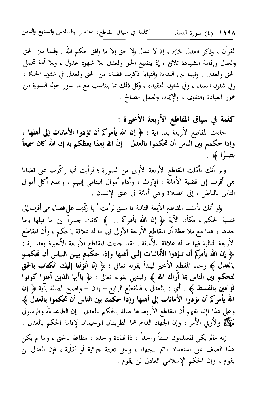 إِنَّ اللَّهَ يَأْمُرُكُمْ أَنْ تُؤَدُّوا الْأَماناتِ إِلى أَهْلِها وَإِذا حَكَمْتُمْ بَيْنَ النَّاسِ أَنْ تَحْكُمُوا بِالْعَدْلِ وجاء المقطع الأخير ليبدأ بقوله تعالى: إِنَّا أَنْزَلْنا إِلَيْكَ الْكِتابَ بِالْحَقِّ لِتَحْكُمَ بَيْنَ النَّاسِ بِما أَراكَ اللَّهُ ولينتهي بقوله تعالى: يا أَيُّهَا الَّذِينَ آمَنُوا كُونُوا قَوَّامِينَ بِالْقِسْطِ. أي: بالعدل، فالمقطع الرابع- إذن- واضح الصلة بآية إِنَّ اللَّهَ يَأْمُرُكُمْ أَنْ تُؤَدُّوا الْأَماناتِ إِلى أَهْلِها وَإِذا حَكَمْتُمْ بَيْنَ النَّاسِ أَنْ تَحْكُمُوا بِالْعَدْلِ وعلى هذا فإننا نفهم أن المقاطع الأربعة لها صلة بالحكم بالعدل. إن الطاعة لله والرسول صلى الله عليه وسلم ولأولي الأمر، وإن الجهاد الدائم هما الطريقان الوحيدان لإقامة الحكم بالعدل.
==
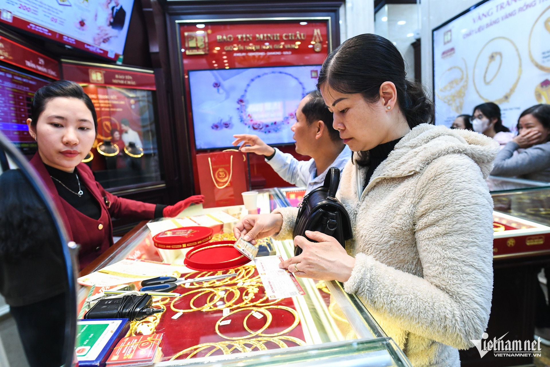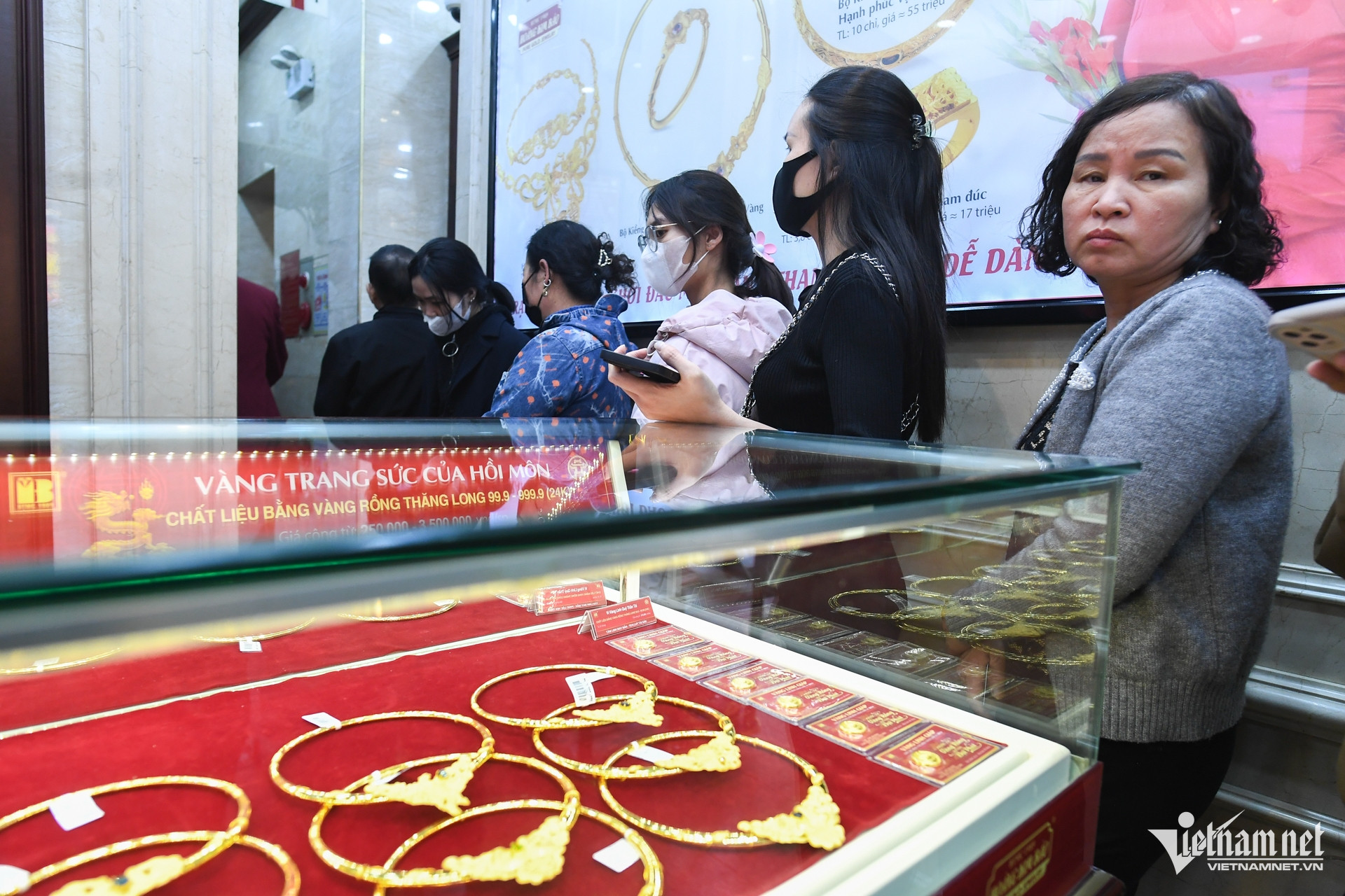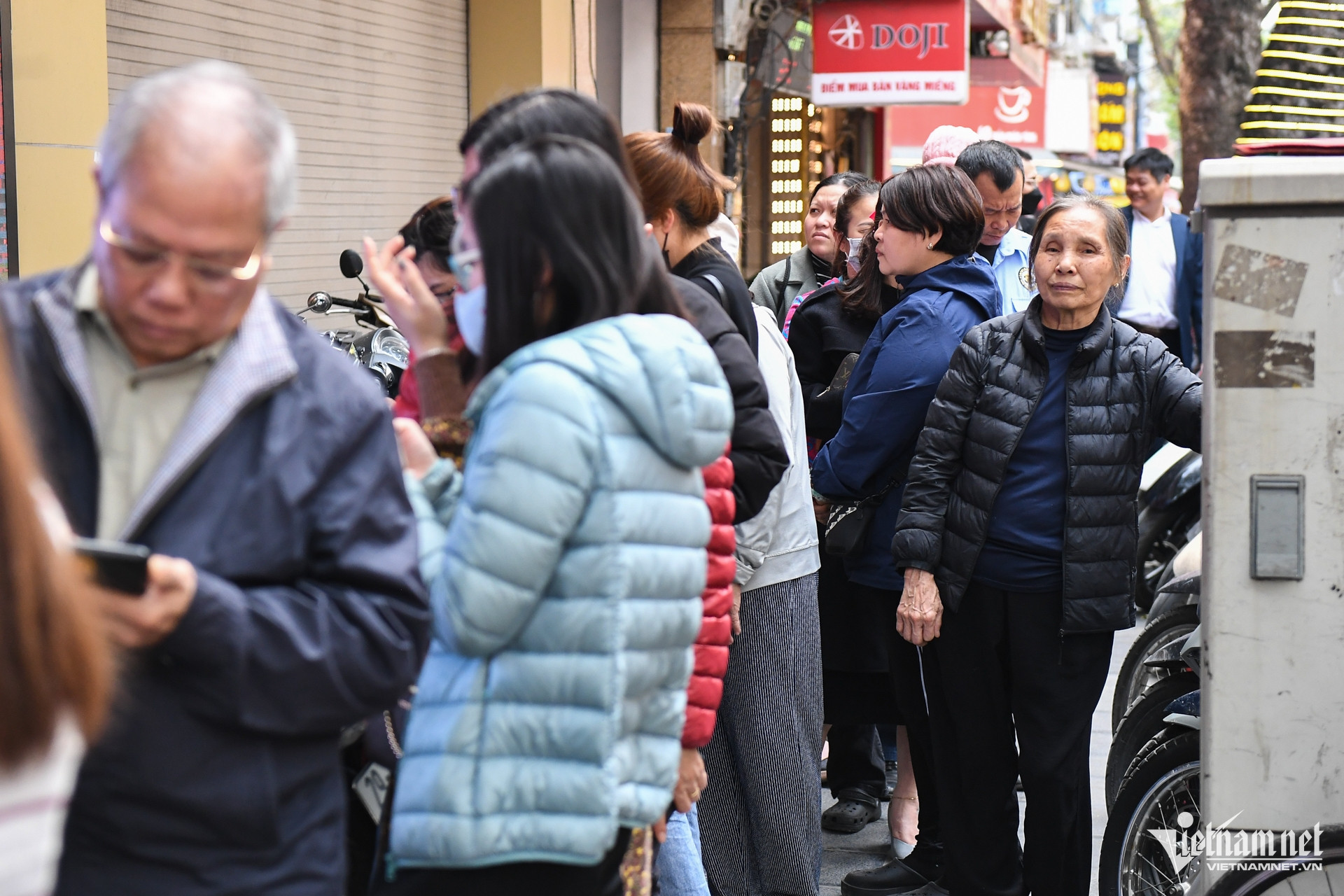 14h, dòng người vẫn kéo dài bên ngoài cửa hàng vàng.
---
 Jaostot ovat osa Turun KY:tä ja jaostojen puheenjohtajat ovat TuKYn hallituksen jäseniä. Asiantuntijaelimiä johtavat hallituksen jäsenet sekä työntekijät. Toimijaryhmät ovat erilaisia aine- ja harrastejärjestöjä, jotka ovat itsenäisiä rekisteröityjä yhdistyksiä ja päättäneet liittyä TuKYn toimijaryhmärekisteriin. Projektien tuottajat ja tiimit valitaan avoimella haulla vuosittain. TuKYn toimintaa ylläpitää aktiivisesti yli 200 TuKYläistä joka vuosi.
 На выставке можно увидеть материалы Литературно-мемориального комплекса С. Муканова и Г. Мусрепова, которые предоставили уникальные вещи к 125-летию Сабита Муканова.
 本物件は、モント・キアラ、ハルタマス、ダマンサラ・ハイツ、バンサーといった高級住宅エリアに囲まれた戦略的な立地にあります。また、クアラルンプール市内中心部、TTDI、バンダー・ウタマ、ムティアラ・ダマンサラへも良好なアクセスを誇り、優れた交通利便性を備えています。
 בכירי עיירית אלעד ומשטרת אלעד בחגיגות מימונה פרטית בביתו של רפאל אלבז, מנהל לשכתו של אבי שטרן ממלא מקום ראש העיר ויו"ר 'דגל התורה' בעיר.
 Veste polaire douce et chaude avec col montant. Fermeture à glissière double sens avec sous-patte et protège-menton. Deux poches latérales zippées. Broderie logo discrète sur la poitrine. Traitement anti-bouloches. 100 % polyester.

▸ Directions for this task
From the listing above, repeat exactly the lines starting at the line that includes "בכירי עיירית אלעד" and ending at the line that includes "Veste polaire douce", with nothing outside that span.

▸ Answer to this exercise
 בכירי עיירית אלעד ומשטרת אלעד בחגיגות מימונה פרטית בביתו של רפאל אלבז, מנהל לשכתו של אבי שטרן ממלא מקום ראש העיר ויו"ר 'דגל התורה' בעיר.
 Veste polaire douce et chaude avec col montant. Fermeture à glissière double sens avec sous-patte et protège-menton. Deux poches latérales zippées. Broderie logo discrète sur la poitrine. Traitement anti-bouloches. 100 % polyester.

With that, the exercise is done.